Post-publication peer review: who’s qualified?

Gabriel Power writes:

I don’t recall that you addressed this point in your posts on post-publication peer review [for example, here and here — ed.]. Who would be allowed to post reviews of a paper? Anyone? Only researchers? Only experts?

Science is not a democracy. A study is not valid because a majority of people think it is. One correct assessment should trump ten incorrect assessments.

In other words, how do we qualify the tradeoff between “fewer, deeper reviews” and “many, shallower reviews”? When does the former work best? The latter?

I think everyone should be allowed to post reviews. But this does raise the question of what to do if trolls start to invade. I guess we can address this problem when we get that far. Right now, the problem seems to be not enough reviews, not too many.


  1. Andrew, wouldn’t you have some time to look at the recent paper ? It has generated much media and public attention, but the absolutely crucial statistical technique in the methodology section (how the authors define “cluster as meaningful and non-spurious”) is without references to statistical literature. It seems to me that the heuristic could identify “clusters” also in the situations without any cluster structure, e.g., for some unimodal multivariate data densities.

    • Andrew says:


      You can divide the population of humans into 1 cluster, or 7 billion, or any number in between! See for example here.
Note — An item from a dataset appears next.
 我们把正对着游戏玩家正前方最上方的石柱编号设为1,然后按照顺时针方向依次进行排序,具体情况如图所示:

      • Sure, but this is the opposite of how it is presented in that extremely popular paper in Nature Human Behavior. They identified exactly 4 “clusters” by a very suspicious technique of their own invention in a data set that looks featureless (except for some minor ripples in the almost perfectly multivariate normal density), and hundreds of newspapers take it as a fact. Why are real statisticians (the authors of the paper are not statisticians) so silent?

        OK, I know that you must be extremely busy; thank you very much for the answer above. I appreciate what you are doing.

        • Andrew says:


          I’ve not looked at this particular paper in detail. In general, I’m suspicious of statistical analyses that report that there are D dimensions of some attitude or behavior, or that there are K kinds of people out there. I usually think of the number of dimensions or the number of clusters as a descriptive choice: for example, if you want to divide the population into 4 clusters, here is a useful division. Elsewhere in the paper they discuss finding 13 clusters, but I think that with enough data they should be able to find hundreds of clusters. It all depends on what you’re looking for.
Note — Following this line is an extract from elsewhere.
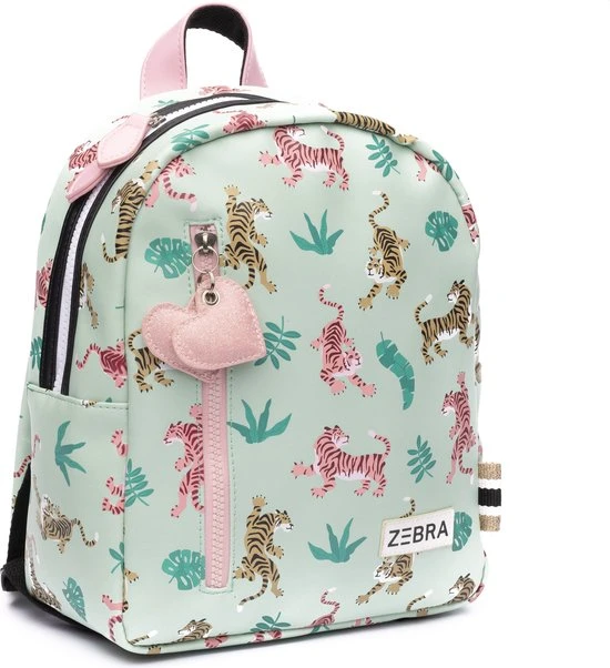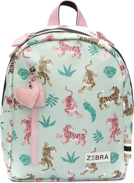 Een mintgroene PU kwaliteit met stoere tijgers rugzak van Zebra. De rugzak heeft voorop een verticale roze rits afgewerkt met hartjes, die dient als extra opbergvak. De gehele rugzak heeft een stevige zwart-witte blokrits met dubbele sluiting. De tas is te dragen dmv het korte hengsel bovenop en de verstelbare schouderbanden. Binnenin bevinden zich 2 drinkbekervakken en een vrolijke lichtroze gestreepte voering. Achterop het handige naamlabel.

          It’s not so much that I find their specific technique suspicious (although I don’t see a good reason for them to use the so-called BIC), but rather that any such approach has to be seen as a form of description of a particular dataset. In parts of their paper, the authors recognize this; for example, “different scales will lead to different factor scores—even when measuring the same five personality domains, two questionnaires might use different items. This issue will be exacerbated when considering alternative representations of the space of personality traits, for example, the 30 facets of the FFM, the 6 domains of the HEXACO inventory or the 27-dimensional SAPA Personality Inventory.” But then elsewhere they go for a more Platonic attitude that there is a universal truth they are aiming for: “An empirically justified taxonomic system of personality types offers a coarse-grained abstraction on the distribution of personality traits across individuals, in analogy to the distinction between different groups of elementary particles (for example, fermions or bosons) in physics or different species in biology. Such a classification is potentially useful in applied contexts, such as in clinical settings related to psychopathology or vocational settings.” I don’t buy the analogy to fermions and bosons at all.
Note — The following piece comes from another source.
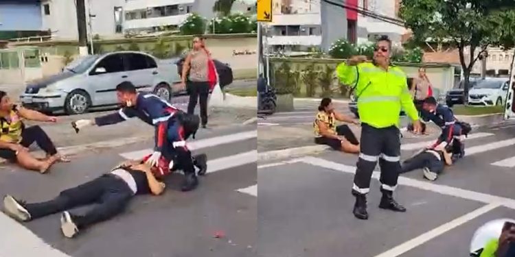 MANAUS – Um grave acidente deixou um homem estendido no chão na avenida Efigênio Salles, nesta quarta-feira (24), até a chegada do Serviço de Atendimento Móvel de Urgência (Samu). Uma testemunha passou pelo local e fez as imagens.

          Also I’m bothered by this: “our key technical insight reveals that even state-of-the-art clustering algorithms will only find the correct solution by searching for a larger number of clusters than what could exist in the data and will fail to identify the abundance of mostly spurious clusters . . .” At a mathematical level, this statement seems reasonable to me—indeed, when I talk with students who want to do clustering or mixture modeling, I typically recommend fitting more clusters than you think you’ll need, and then check that you don’t need the extra clusters—see Section 22.4 of BDA3, where we write, “The number of clusters H can be viewed as an upper bound on the number of mixture components, as some of these components may be unoccupied. For example, if we set H = 20 it can still be the case that all n items in the study are allocated to a small number of the 20 components available, for example 3 or 4.” The part I don’t like is the idea of there being “the correct solution” in an applied problem in which the number of clusters is entirely a property of the number of people in your sample, and the density of data that is available on each person.

          In answer to the question, “Why are real statisticians so silent?”, I guess it’s that nobody asked us!

  2. Anonymous says:

    “Science is not a democracy. A study is not valid because a majority of people think it is.”

    Recent events have lead me to fear that this is exactly where (at least psychological) science is heading.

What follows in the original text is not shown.